Wednesday 22 July 2020

"Wilding" by Isabella Tree

Published by Picador Price £9.99

This fascinating book really opens up huge possibilities for improving biodiversity and countering climate change.
Tree tells how together with husband Charlie Burrell they rewild the Knepp estate in West Sussex.
Prior to 2000, they had traditionally farmed the 3,500 acres of the estate. It wasn't working so they looked for something new. 
The work of Dr Frans Vera with rewilding in the Netherlands drew their attention.
The idea was in a way to turn back time to before humans brought their pesticides and fertilisers to the land. Effectively returning  to before the destruction and poisoning of the world began.
If some of the original breeds of animals were restored and allowed to run wild, other habitats also changed for the better.
So long horned cattle, Tamworth pigs, Dartmoor ponies, red and fallow deer were all introduced.
The effects were dramatic, bringing back purple emperor butterflies, nightingales and turtle doves. The land became resilient. 
Really understanding rewilding probably requires the human being to take a step back from its arrogant dominant role in the world.
The human needs to realise that many creatures live the way they do as an adaption to the behaviour of humans, it was not always so.  If the humans can now let go, then nature can restore.
There are so many interesting parts to this book, such as how the introduction of beavers in some areas of the country has helped counter flooding.
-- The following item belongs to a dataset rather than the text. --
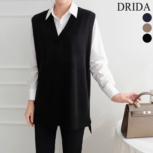 [에이치플러스몰]여자 롱 니트 조끼 옆트임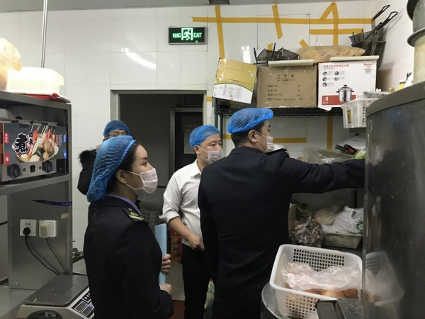 ????隨后,執(zhí)法人員又來到威高美食廣場等餐飲服務(wù)聚集區(qū)進行檢查,隨機抽查了2家餐飲單位,詳細(xì)查看了許可資質(zhì)、索證索票、環(huán)境衛(wèi)生、原料存儲以及加工操作關(guān)鍵點、餐飲具清洗消毒、從業(yè)人員健康狀況等方面,食品安全管理和餐飲操作比較規(guī)范,但存在個別食品無索證索票、食品與非食品混放,執(zhí)法人員責(zé)令餐飲單位立即整改。

Also, how allowing the land to go to wetlands also releases pressure and so flood risk.
An interesting aside is how this is happening in the Netherlands, where the renown canals are full to bursting. Climate change means greater volumes of water are falling on the land. So the Dutch are looking to release pressure by turning areas to wetlands, rather than building dykes.
Another fascinating view concerns how more carbon can be stored in the land.
Tree reveals that there are 1500 billion tonnes of carbon in the form of organic material in world soils. Increasing this by 0.4% a year -through restoring and improving degraded agricultural lands - would halt the rise of CO2 in the atmosphere. 
Tree suggests agricultural land could be taken in and out of rewilding over decades to restore it.
Wilding is a real eye opener as to what could happen with a little imagination - a sort of resetting of the natural paramaters, that wiil then revive and restore the ecological framework around us.